*TASK GOAL*
I need the lines below from the one with "Se vende respaldo" down to the one with "Penelope Beach хотел" reproduced exactly, both ends included, and nothing else.

*RECORD EXTRACTS*
== Segment start ==
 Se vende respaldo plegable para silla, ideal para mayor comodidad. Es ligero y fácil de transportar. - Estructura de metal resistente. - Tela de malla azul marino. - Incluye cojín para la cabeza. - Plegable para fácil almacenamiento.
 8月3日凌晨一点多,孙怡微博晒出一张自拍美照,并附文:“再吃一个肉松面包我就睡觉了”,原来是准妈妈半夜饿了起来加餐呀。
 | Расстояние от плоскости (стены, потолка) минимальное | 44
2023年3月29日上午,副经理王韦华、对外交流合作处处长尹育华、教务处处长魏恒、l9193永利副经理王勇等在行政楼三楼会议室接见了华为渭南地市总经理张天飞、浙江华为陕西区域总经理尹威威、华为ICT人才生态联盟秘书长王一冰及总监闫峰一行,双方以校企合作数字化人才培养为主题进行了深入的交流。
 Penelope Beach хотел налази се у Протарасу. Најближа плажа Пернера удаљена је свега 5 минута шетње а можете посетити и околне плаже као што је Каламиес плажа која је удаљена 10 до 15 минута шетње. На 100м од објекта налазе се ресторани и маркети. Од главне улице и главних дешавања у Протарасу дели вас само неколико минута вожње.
== Segment end ==
== Segment start ==
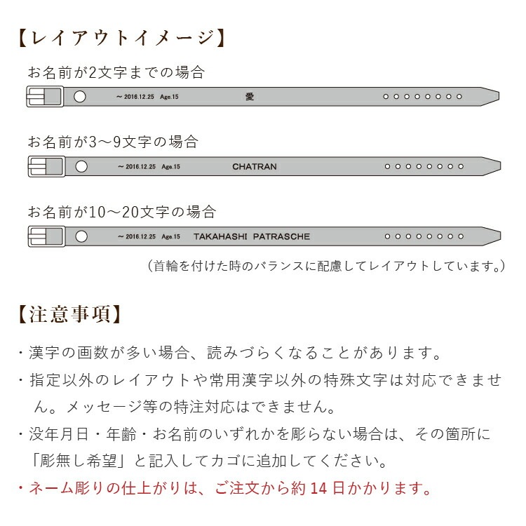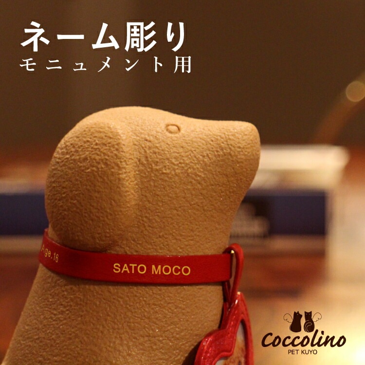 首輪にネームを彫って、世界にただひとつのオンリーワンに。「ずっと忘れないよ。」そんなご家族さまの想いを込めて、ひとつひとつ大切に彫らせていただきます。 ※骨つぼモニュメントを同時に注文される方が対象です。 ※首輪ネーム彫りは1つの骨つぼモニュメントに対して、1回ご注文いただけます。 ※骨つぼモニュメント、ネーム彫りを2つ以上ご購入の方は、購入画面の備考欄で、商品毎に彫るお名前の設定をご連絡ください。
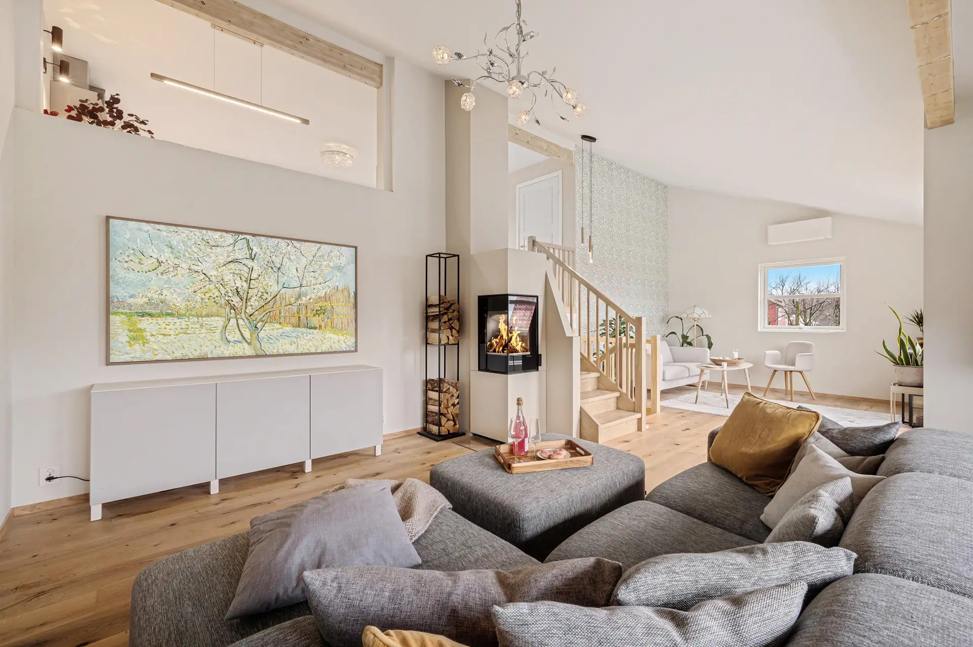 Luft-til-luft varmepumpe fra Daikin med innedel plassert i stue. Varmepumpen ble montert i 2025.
== Segment end ==
*TASK SOLUTION*
 Se vende respaldo plegable para silla, ideal para mayor comodidad. Es ligero y fácil de transportar. - Estructura de metal resistente. - Tela de malla azul marino. - Incluye cojín para la cabeza. - Plegable para fácil almacenamiento.
 8月3日凌晨一点多,孙怡微博晒出一张自拍美照,并附文:“再吃一个肉松面包我就睡觉了”,原来是准妈妈半夜饿了起来加餐呀。
 | Расстояние от плоскости (стены, потолка) минимальное | 44
2023年3月29日上午,副经理王韦华、对外交流合作处处长尹育华、教务处处长魏恒、l9193永利副经理王勇等在行政楼三楼会议室接见了华为渭南地市总经理张天飞、浙江华为陕西区域总经理尹威威、华为ICT人才生态联盟秘书长王一冰及总监闫峰一行,双方以校企合作数字化人才培养为主题进行了深入的交流。
 Penelope Beach хотел налази се у Протарасу. Најближа плажа Пернера удаљена је свега 5 минута шетње а можете посетити и околне плаже као што је Каламиес плажа која је удаљена 10 до 15 минута шетње. На 100м од објекта налазе се ресторани и маркети. Од главне улице и главних дешавања у Протарасу дели вас само неколико минута вожње.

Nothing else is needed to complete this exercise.